Margarita A. Korzo, Holcot “Anonimous” That Is, The Heritage of Robert Holcot OP (ca. 1290-1349) in the 17th-Century Orthodox Literature: Two Cases

Volume XXVI: 2020

Philosophy — Theology — Spiritual culture of the Middle Ages
ISSN 0860-0015
e-ISSN 2544-1000

SUMMARY

The given study focuses on two cases of how excerpts from Robert Holcot’s OP (ca.1290–1349) works (In Librum Sapientiae and Moralizationum Historiarum) spread in the 17th-century Orthodox literatury. The English Dominican was one of the most prominent theologians and intellectuals of his time, belonging to the group of the so-called “classicizing friars” (Beryl Smalley). Fragments of Holcot’s works were known mostly ‘second hand’ in early modern times, their authorship having been forgotten.
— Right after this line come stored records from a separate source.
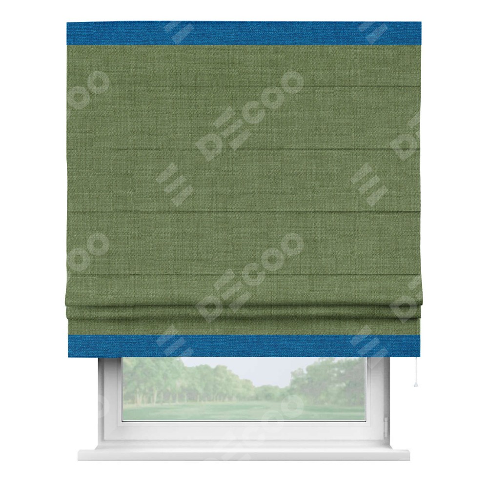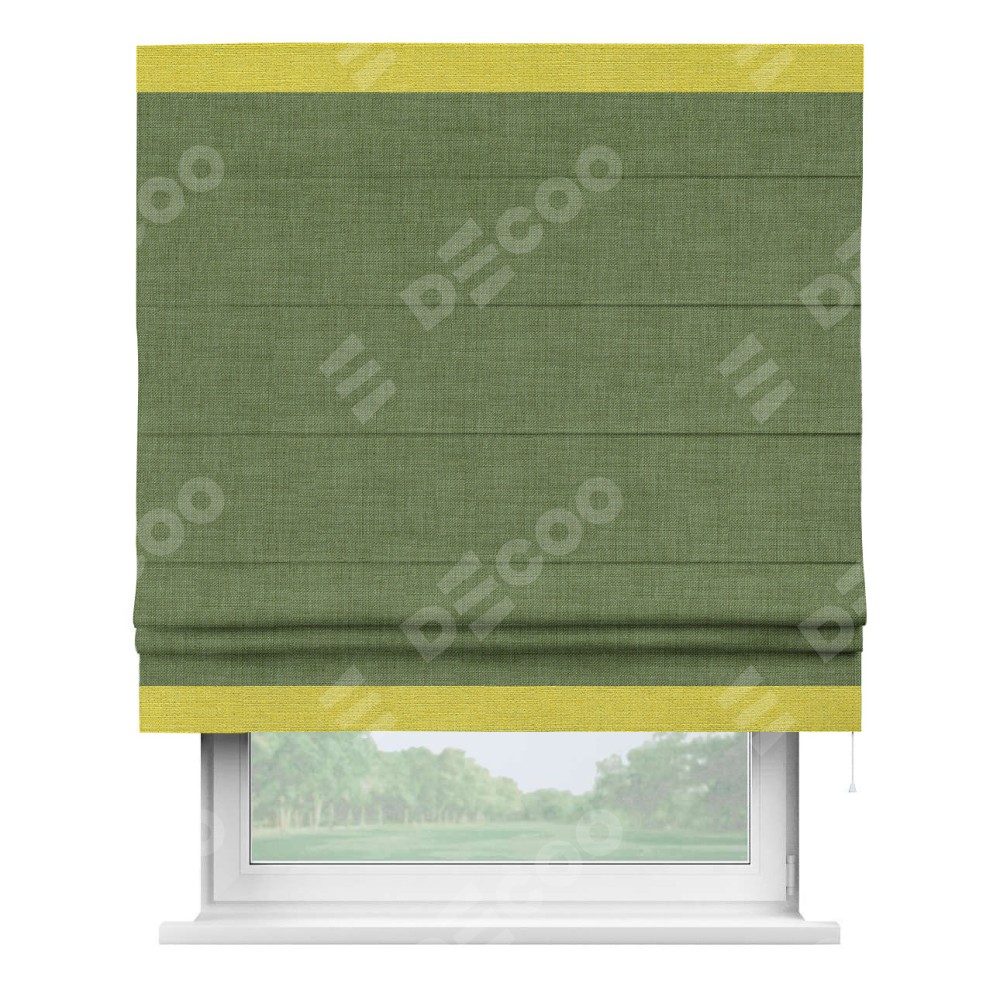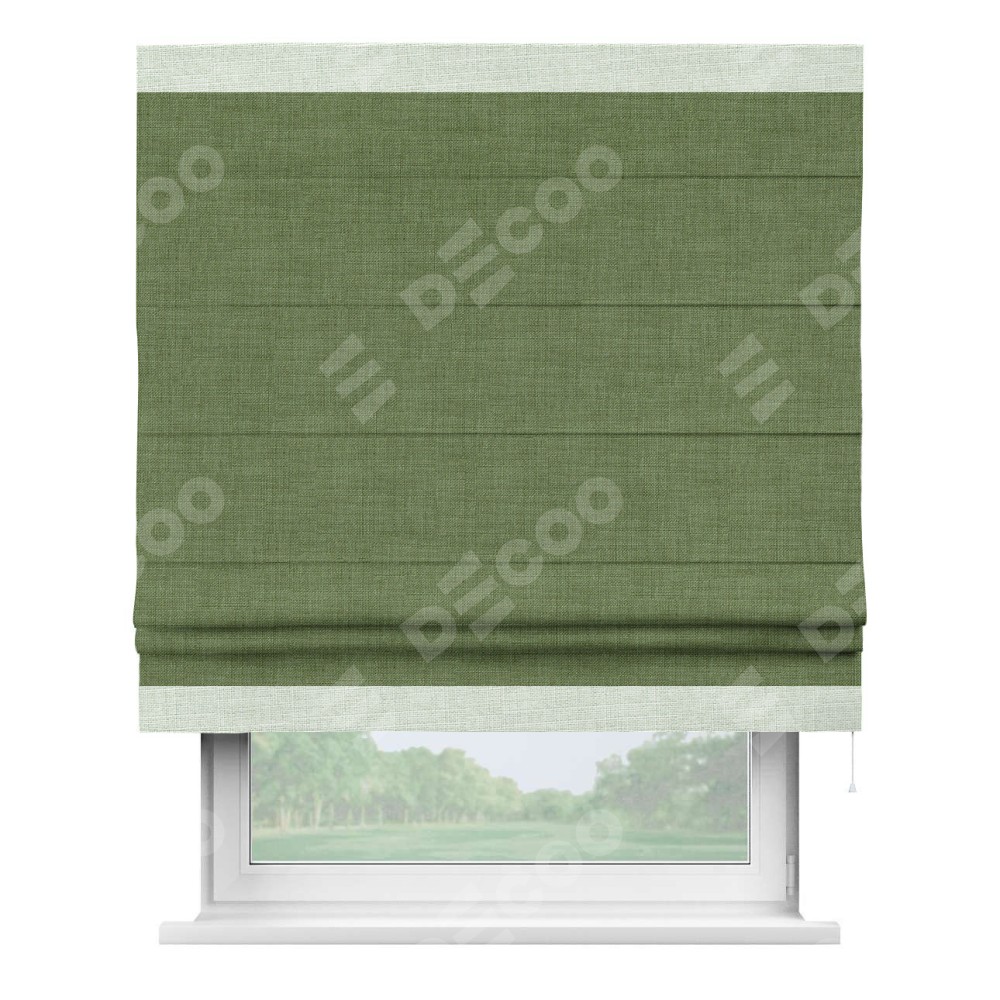 Римская штора «Кортин» для проёма, лён зелёный, с кантом Горизонт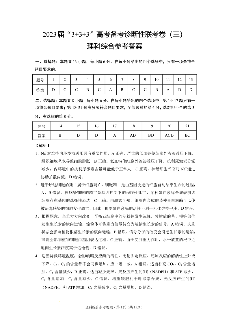高三理综答案--贵州省贵阳市2023届高三3+3+3高考备考诊断性联考(三)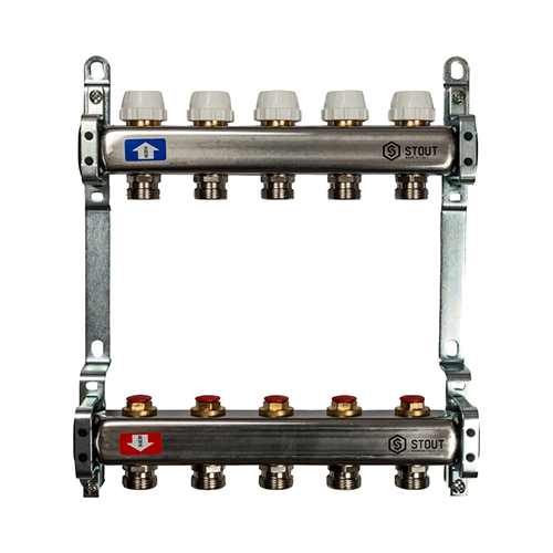 Главная страница Каталог товаров Арматура для котельной Коллекторы для теплого пола Stout Коллектор из нержавеющей стали без расходомеров Stout 5 выходов — купить в Ярославле
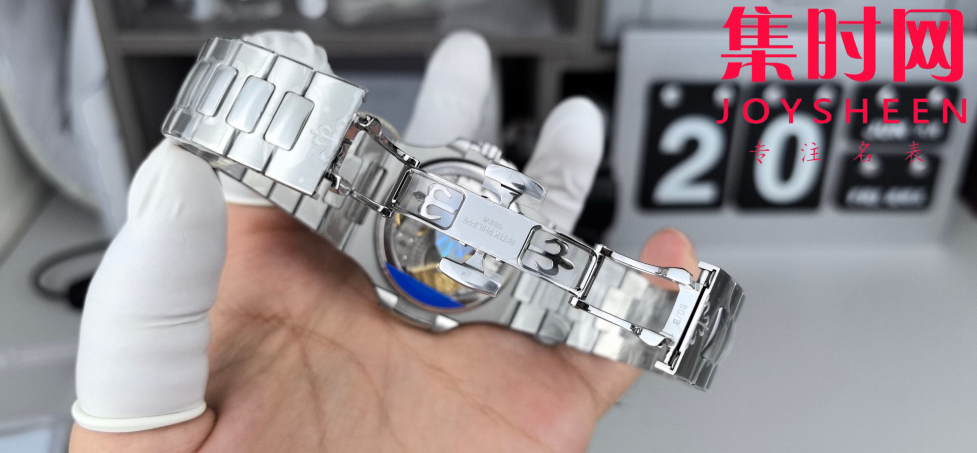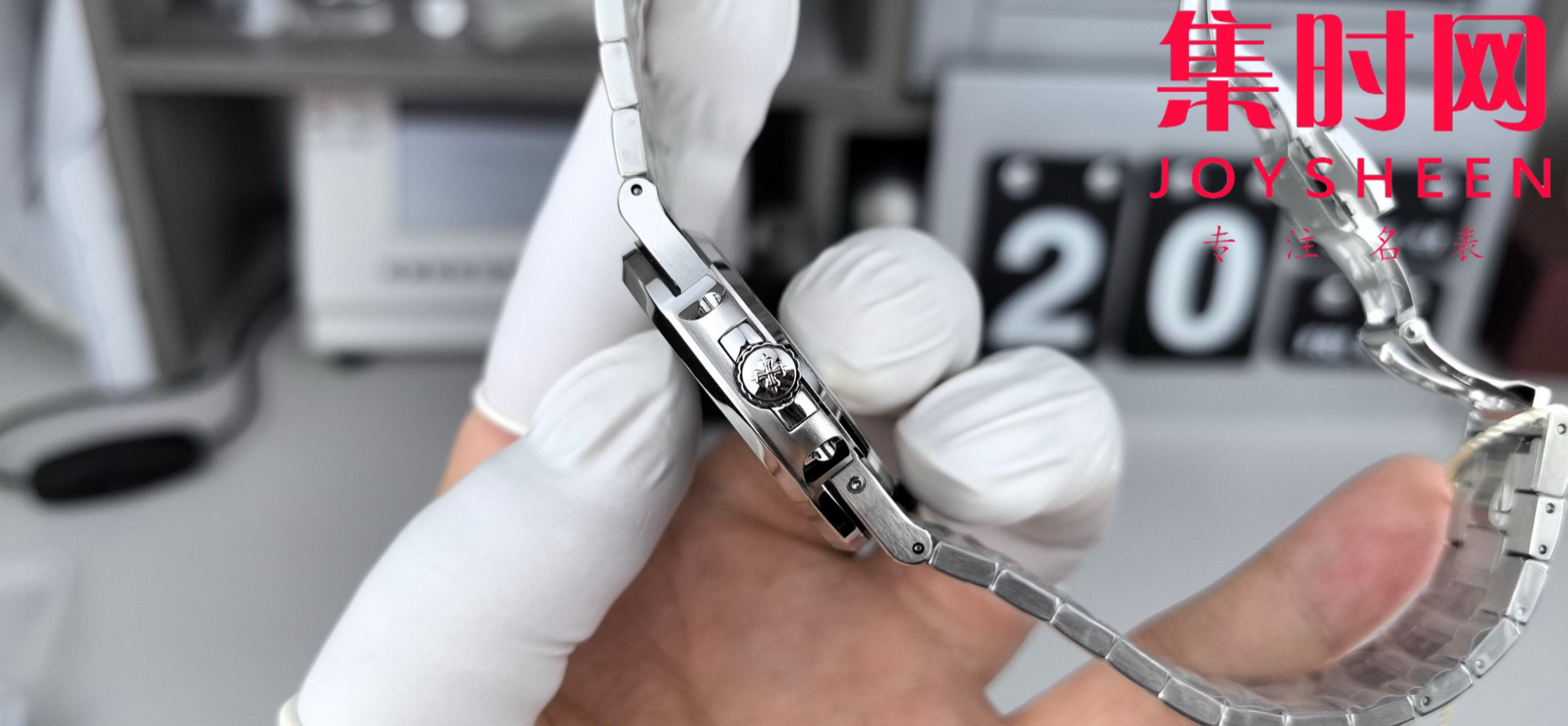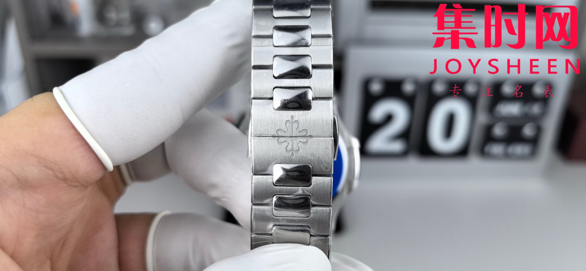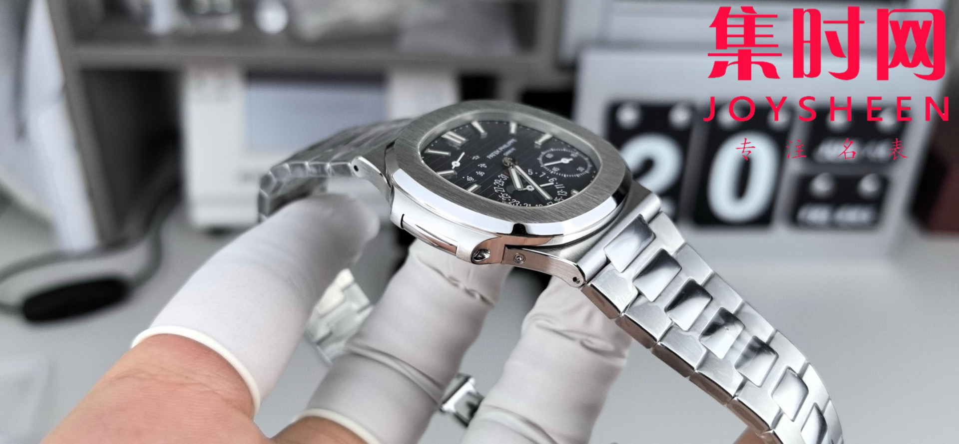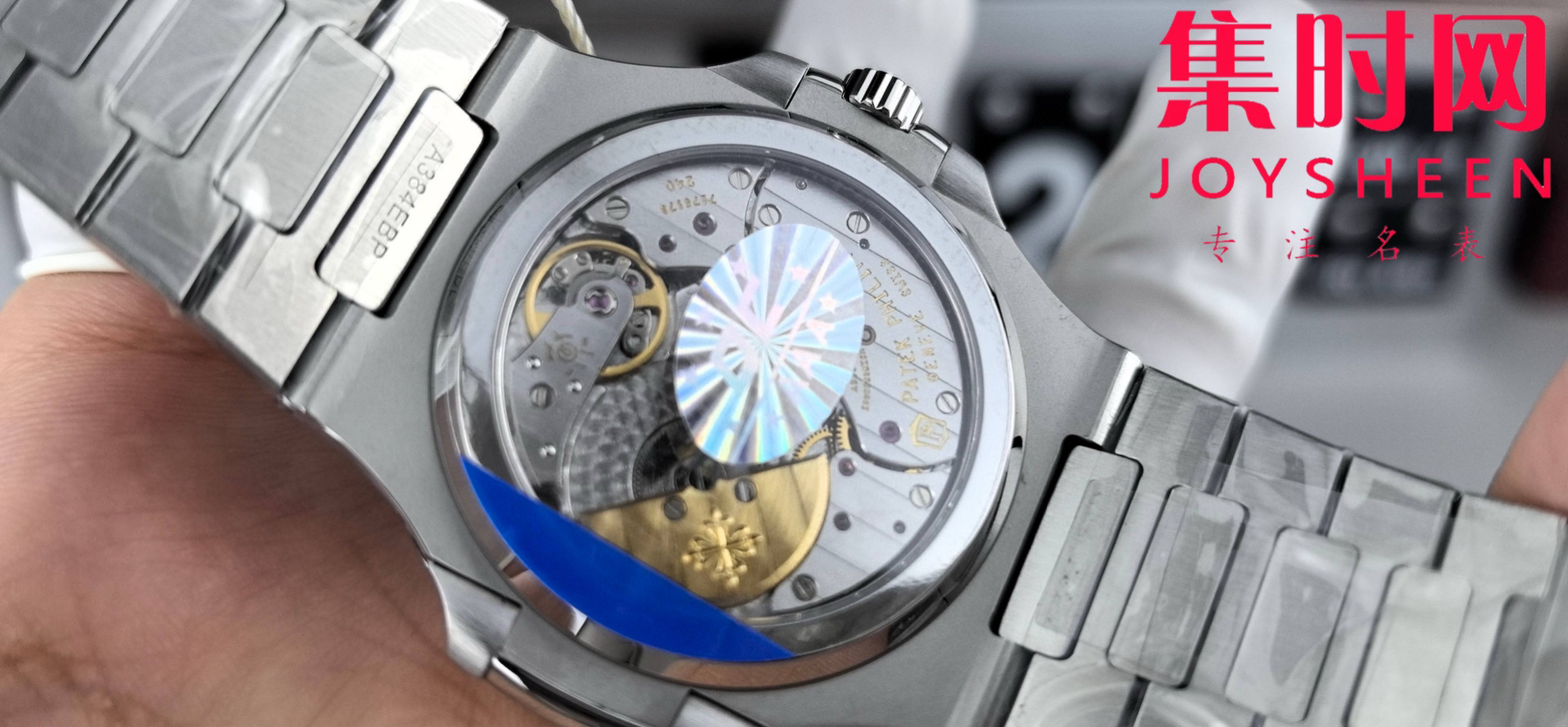PPF潜心三年 真“芯”之作!百达翡丽PP5712GR全新升级V3版,巅峰出道了!这是真正具有里程碑意义的超级一体机芯Cal.240 PS IRM C LU。全机芯零件数265个,平面游丝,21600每小时振荡次数 Gyromax带调节砝码的摆轮,稳定无误差。(不同于市面上现有的假机芯盖甲板,假珍珠陀) 全新修正的不锈钢表带,铰链部分根据真正的百达翡丽鹦鹉螺不锈钢表带拆解开发,和正品一致的贴合效果,逆袭市面上所有副本,铰链开合角度和正品一致,锁毕声音和正品相同。而PPF独家的“蓝魅”面无限接近接近原版,更是傲视群雄!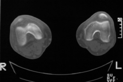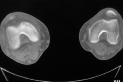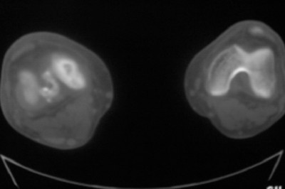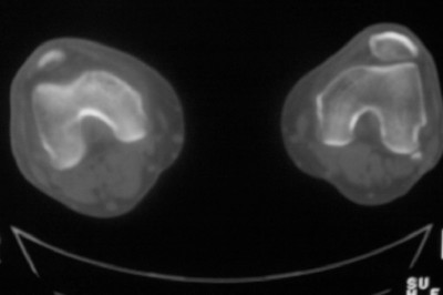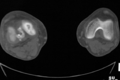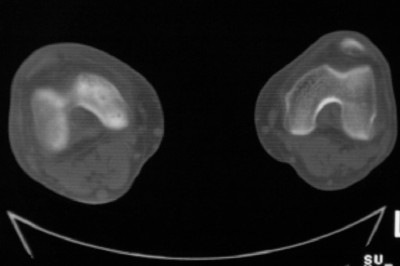 右股骨内髁关节面下多个不规则小囊变,边缘有明显硬化边,.......考虑: 1.关节面下骨囊变. 2.类风湿关节炎? 3.血友病?

In this anonymous form, Holcot’s texts also reached adherents of the Orthodox Church — both in the Polish-Lithuanian Commonwealth and in Russia. The article analyzes an example of a funeral sample-sermon (from the Orthodox Ritual, Vilnius 1621), a sermon and a poem of Simeon of Polotsk (Obed duševnyj, Moscow 1681; Vertograd mnogocvetnyj, 1676–1680) based on Holcot’s ten arguments against excessive mourning for the dead, and the transformation of Holcot’s ‘verbal picture’ Picturam amoris sive amicitiae in a sermon on marriage (Ritual, Lviv 1644 and 1645).